Historical context and future

Microsoft's move toward open-source AI governance is not new. The company has previously released tools like Azure AI Content Safety and Responsible AI Toolbox. ASSERT aligns with Microsoft's strategy to position itself as an enabler of responsible enterprise AI, offering tools that allow organizations to maintain control. However, ASSERT's success will depend on community adoption and its ability to compete with established alternatives.

Historically, Microsoft has succeeded with open-source tools like Visual Studio Code but has also failed with others like Windows Phone. In the AI space, the company has bet on a platform approach, integrating governance tools into Azure. ASSERT is another step in that direction, but it faces the challenge that many developers already use LangSmith or other tools. To gain traction, Microsoft must offer deep integrations with its ecosystem and demonstrate that ASSERT is easier to use and more accurate than alternatives.

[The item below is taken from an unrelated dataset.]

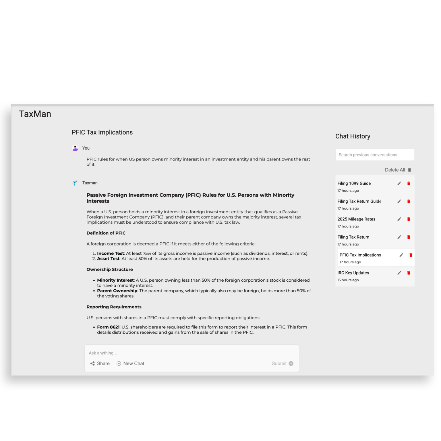 Taxman, your AI Assistant, is here to provide real-time answers to your tax questions. Simplify decision-making and save time with instant, reliable insights.

Looking ahead, AI agent evaluation is expected to become an industry standard, similar to unit testing in software development. Gartner predicts that by 2027, 60% of companies with agents in production will use automated evaluation tools. ASSERT could benefit from this trend, but it also faces competition from agile startups that innovate quickly. Moreover, reliance on LLMs as judges could be a weakness if more robust alternatives emerge, such as rule-based evaluators or specialized models.

“The next competitive advantage in agentic AI will not be model sophistication, but simulation depth,” says Gartner.

In summary, ASSERT represents an important step toward standardizing AI agent evaluation, but its real impact will depend on how companies integrate it into their development and governance processes. Microsoft has demonstrated its commitment to responsible AI, but the market is competitive, and the tool must evolve to stay relevant. Readers should consider ASSERT as a viable option, especially if they already use Azure, but also evaluate alternatives like LangSmith or Patronus AI based on their specific needs.